Data for review -
|---|

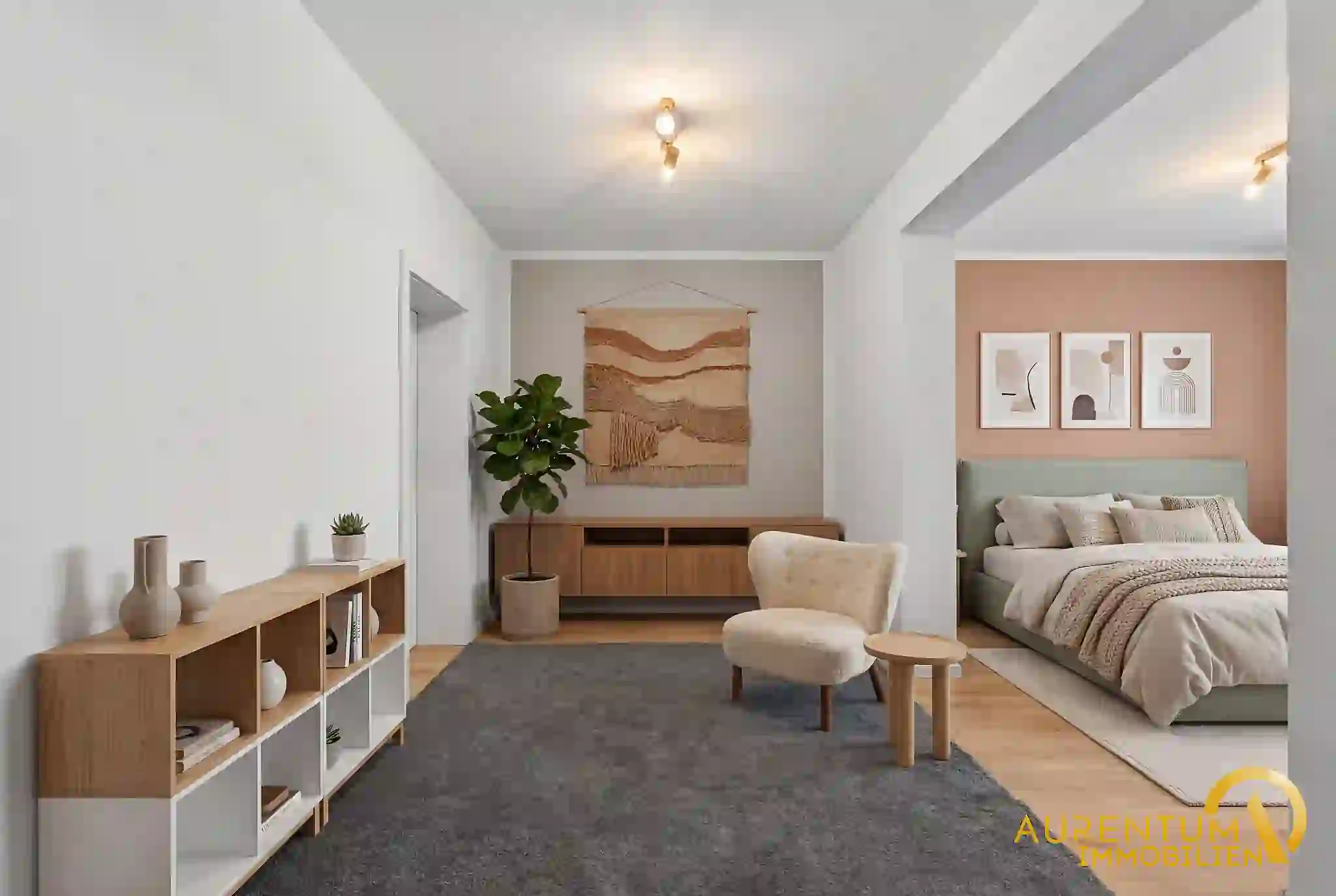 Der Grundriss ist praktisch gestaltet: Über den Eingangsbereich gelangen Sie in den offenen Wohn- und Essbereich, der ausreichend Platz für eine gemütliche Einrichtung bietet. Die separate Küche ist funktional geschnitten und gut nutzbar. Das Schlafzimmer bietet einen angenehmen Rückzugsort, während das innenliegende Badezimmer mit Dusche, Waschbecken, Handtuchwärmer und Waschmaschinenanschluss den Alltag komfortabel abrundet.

|---|

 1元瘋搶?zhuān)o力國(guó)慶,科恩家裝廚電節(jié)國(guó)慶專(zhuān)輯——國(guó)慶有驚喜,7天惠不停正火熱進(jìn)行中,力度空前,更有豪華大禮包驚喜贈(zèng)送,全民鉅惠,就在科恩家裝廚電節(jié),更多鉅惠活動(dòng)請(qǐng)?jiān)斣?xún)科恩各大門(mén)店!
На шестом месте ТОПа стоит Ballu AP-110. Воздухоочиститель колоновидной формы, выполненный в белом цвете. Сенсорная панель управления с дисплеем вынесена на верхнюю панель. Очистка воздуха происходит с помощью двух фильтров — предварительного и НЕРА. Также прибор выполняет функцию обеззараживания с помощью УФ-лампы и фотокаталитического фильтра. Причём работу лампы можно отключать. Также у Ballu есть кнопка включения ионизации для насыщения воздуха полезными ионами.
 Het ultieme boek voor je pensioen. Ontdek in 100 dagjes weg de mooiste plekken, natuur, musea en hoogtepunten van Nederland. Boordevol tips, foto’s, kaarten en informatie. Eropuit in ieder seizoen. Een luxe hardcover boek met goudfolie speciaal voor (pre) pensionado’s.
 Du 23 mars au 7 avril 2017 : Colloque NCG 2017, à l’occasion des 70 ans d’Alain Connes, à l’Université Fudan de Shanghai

|---|

What the task requires - Please output the lines of the listing above that fall in the stretch from the one with "1元瘋搶?zhuān)o力國" through the one with "Het ultieme boek", exactly and only those.

Answer to the exercise -
 1元瘋搶?zhuān)o力國(guó)慶,科恩家裝廚電節(jié)國(guó)慶專(zhuān)輯——國(guó)慶有驚喜,7天惠不停正火熱進(jìn)行中,力度空前,更有豪華大禮包驚喜贈(zèng)送,全民鉅惠,就在科恩家裝廚電節(jié),更多鉅惠活動(dòng)請(qǐng)?jiān)斣?xún)科恩各大門(mén)店!
На шестом месте ТОПа стоит Ballu AP-110. Воздухоочиститель колоновидной формы, выполненный в белом цвете. Сенсорная панель управления с дисплеем вынесена на верхнюю панель. Очистка воздуха происходит с помощью двух фильтров — предварительного и НЕРА. Также прибор выполняет функцию обеззараживания с помощью УФ-лампы и фотокаталитического фильтра. Причём работу лампы можно отключать. Также у Ballu есть кнопка включения ионизации для насыщения воздуха полезными ионами.
 Het ultieme boek voor je pensioen. Ontdek in 100 dagjes weg de mooiste plekken, natuur, musea en hoogtepunten van Nederland. Boordevol tips, foto’s, kaarten en informatie. Eropuit in ieder seizoen. Een luxe hardcover boek met goudfolie speciaal voor (pre) pensionado’s.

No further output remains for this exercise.